Nunes Marques: Indicado por Jair Bolsonaro, chegou ao STF
em novembro de 2020 e vai sair em 2047.
Já teve um almoço reservado com
Lula. A dupla informou que a conversa foi bastante cordial. Almoços,
jantares e conversas do gênero serão reprisados nos próximos 24 anos com
a bancada majoritária no STF.
Nunes Marques vai deixando claro que não
tem vocação para discordar de quem manda.André
Mendonça: Nomeado por Jair Bolsonaro, instalou-se na Corte em dezembro
de 2021 e ali ficará até 2047.
Chegou lá com a imagem de “terrivelmente
evangélico”.
Evangélico Mendonça é, mas nada tem de terrível.
Parecia
disposto a enfrentar a feroz bancada liderada por Gilmar Mendes. Ao
julgar outro pedido de habeas corpus encaminhado por Cleriston Pereira
da Cunha, formalizou a rendição.
Além de negar-se a salvar o condenado à
morte, Mendonça fez questão de remeter a Moraes uma cópia da decisão
repulsiva.
Cristiano
Zanin: Nomeado por Lula em agosto deste ano, tem emprego garantido até a
aposentadoria em 2050.
O currículo do calouro Zanin se limita a duas
anotações relevantes. Primeira: ele foi o principal advogado de Lula.

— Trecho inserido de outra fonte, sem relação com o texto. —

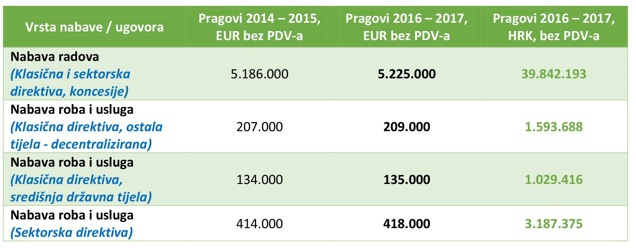 Europska komisija je time objavila vrijednosti novih financijskih pragova, u eurima, za ugovore koji podliježu primjeni propisa o javnoj nabavi u okviru EU i isti se primjenjuju na postupke javne nabave objavljene od 1. siječnja 2016. te ostaju za primjenu naredne dvije godine, odnosno do 31. prosinca 2017.
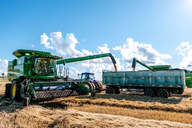 8月20日,呼伦贝尔农垦拉布大林农场的工人驾驶农机将收获的小麦装车。新华社记者 马金瑞 摄
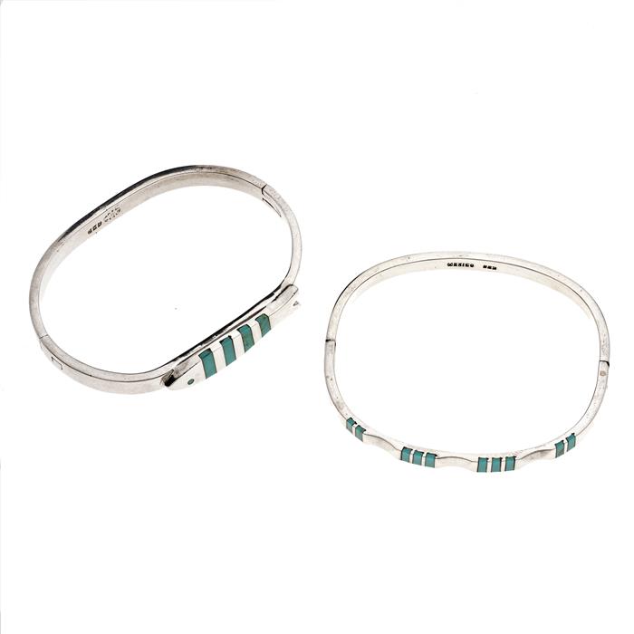 Dos brazalteres con turquesas en plata .925.
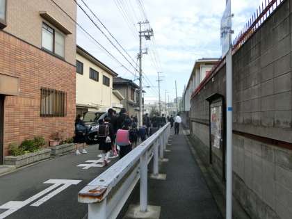 素晴らしいお天気の中、児童さん、生徒たちが登校してきました。

Segunda: Gilmar Mendes achou tão comovente o esforço do jovem doutor
que, numa sessão do Supremo, fez questão de homenageá-lo com outra
invenção — o choro convulsivo sem lágrimas.
Entrosamento é o que
não falta ao Timão da Toga.
O problema é a plateia.
Se é que existem,
seus torcedores nunca aplaudem os craques que, quando dão as caras em
qualquer rua de qualquer país, são invariavelmente hostilizados por quem
os reconhece.
As coisas pioraram com a morte de Cleriston.
A imensa
torcida adversária perdeu o medo de manifestar-se nas ruas.
E tem tudo
para indignar-se mais ainda caso entre em campo um Flávio Dino.
É um
campeão de impopularidade. E está irremediavelmente fora de forma.